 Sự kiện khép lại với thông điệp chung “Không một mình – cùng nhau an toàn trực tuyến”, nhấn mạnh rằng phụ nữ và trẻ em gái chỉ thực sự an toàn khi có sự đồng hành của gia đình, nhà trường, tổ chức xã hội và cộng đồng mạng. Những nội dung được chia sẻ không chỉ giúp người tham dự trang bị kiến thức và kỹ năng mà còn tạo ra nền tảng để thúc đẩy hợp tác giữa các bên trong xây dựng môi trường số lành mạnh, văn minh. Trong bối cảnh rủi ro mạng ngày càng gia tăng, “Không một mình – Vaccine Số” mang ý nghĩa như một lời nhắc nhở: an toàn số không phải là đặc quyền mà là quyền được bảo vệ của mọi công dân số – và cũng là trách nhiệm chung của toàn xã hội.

...

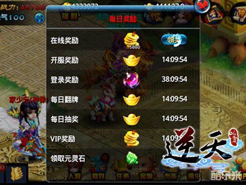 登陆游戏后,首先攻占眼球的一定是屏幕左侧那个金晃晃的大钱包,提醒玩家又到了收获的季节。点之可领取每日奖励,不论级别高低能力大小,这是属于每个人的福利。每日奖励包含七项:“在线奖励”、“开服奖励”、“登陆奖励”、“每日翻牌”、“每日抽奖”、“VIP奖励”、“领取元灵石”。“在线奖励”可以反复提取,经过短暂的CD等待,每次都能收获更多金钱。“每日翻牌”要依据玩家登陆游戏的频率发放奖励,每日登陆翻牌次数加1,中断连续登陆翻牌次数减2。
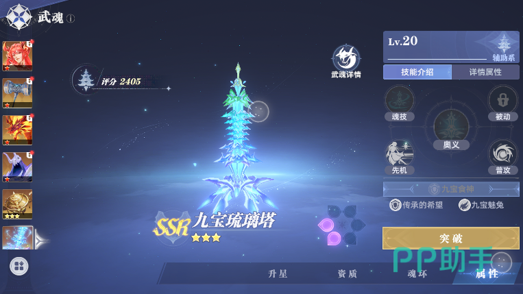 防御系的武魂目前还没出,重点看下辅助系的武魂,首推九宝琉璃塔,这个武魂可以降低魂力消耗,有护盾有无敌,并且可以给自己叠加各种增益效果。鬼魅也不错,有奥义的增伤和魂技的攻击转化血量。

▶ [TASK TO CARRY OUT]: Go back to the listing above and reproduce, exactly, the stretch from the line bearing "登陆游戏后,首先攻占眼球的一" through the line bearing "防御系的武魂目前还没出,重点", without its pictures.

▶ [RESULT FOR THIS EXERCISE]:
 登陆游戏后,首先攻占眼球的一定是屏幕左侧那个金晃晃的大钱包,提醒玩家又到了收获的季节。点之可领取每日奖励,不论级别高低能力大小,这是属于每个人的福利。每日奖励包含七项:“在线奖励”、“开服奖励”、“登陆奖励”、“每日翻牌”、“每日抽奖”、“VIP奖励”、“领取元灵石”。“在线奖励”可以反复提取,经过短暂的CD等待,每次都能收获更多金钱。“每日翻牌”要依据玩家登陆游戏的频率发放奖励,每日登陆翻牌次数加1,中断连续登陆翻牌次数减2。
 防御系的武魂目前还没出,重点看下辅助系的武魂,首推九宝琉璃塔,这个武魂可以降低魂力消耗,有护盾有无敌,并且可以给自己叠加各种增益效果。鬼魅也不错,有奥义的增伤和魂技的攻击转化血量。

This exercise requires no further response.